The progress of generative AI research has outpaced expectations. Last year, language models were used to generate functional proteins, beat human players in strategy games requiring dialogue, and create online assistants. Conversational language models have come into wide use almost overnight: more than 100 million people used OpenAI’s ChatGPT program in the first two months after it was launched, in December 2022, and millions more have likely used the AI tools that Google and Microsoft introduced soon thereafter. As a result, risks that seemed theoretical only a few years ago now appear increasingly realistic. For example, the AI-powered “chatbot” that powers Microsoft’s Bing search engine has shown itself to be capable of attempting to manipulate users—and even threatening them.
As generative AI tools sweep the world, it is hard to imagine that propagandists will not make use of them to lie and mislead. To prepare for this eventuality, governments, businesses, and civil society organizations should develop norms and policies for the use of AI-generated text, as well as techniques for figuring out the origin of a particular piece of text and whether it has been created using AI. Efforts by journalists and researchers to uncover fake social media accounts and fake news websites can also limit the reach of covert propaganda campaigns—regardless of whether the content is human or AI-written.
LANGUAGE FACTORIES
A language model is a type of AI system trained through trial and error to consume and produce text.
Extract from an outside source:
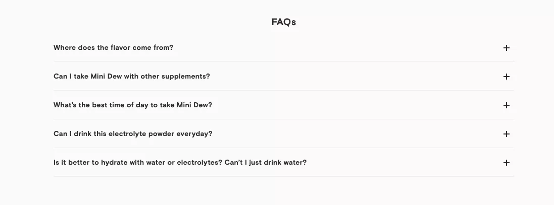 And then product-specific questions, for example: “Where does the flavor come from?” “Is it safe to have during pregnancy?” That kind of really specific stuff that truly concerns your customers.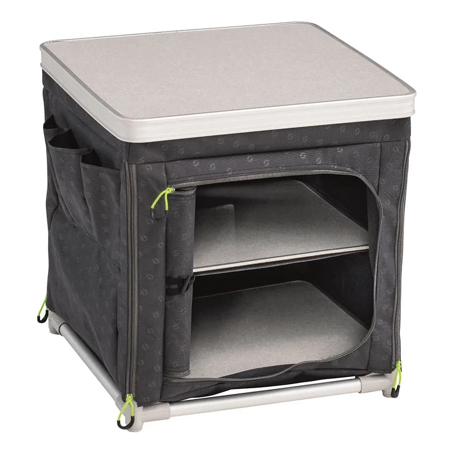 Der Outwell Tinos Klappschrank mit zwei Regalböden, Reißverschlusstür und Netzbelüftung verfügt über eine Rolltür für permanenten Zugang. Er lässt sich in Sekundenschnelle öffnen und zusammenklappen, verfügt über drei Taschen auf jeder Schrankseite für kleine Gegenstände wie Schlüssel und Mobiltelefon und umfasst eine Tragetasche zur einfachen Aufbewahrung und Tragbarkeit.

A large part of the training process involves predicting the next word in a large corpus of text. If the prediction is wrong, the model is penalized; if the prediction is correct, it is rewarded. This simple process has produced surprisingly competent results. Ask a model to rewrite a tweet in different words or compose a blog post including certain points, and it will do so. Language models have learned to do surprising things that even those who trained them did not anticipate, including unscrambling words, performing eight-digit arithmetic, and solving mathematical word problems. Researchers cannot reliably predict what capabilities future language models might achieve.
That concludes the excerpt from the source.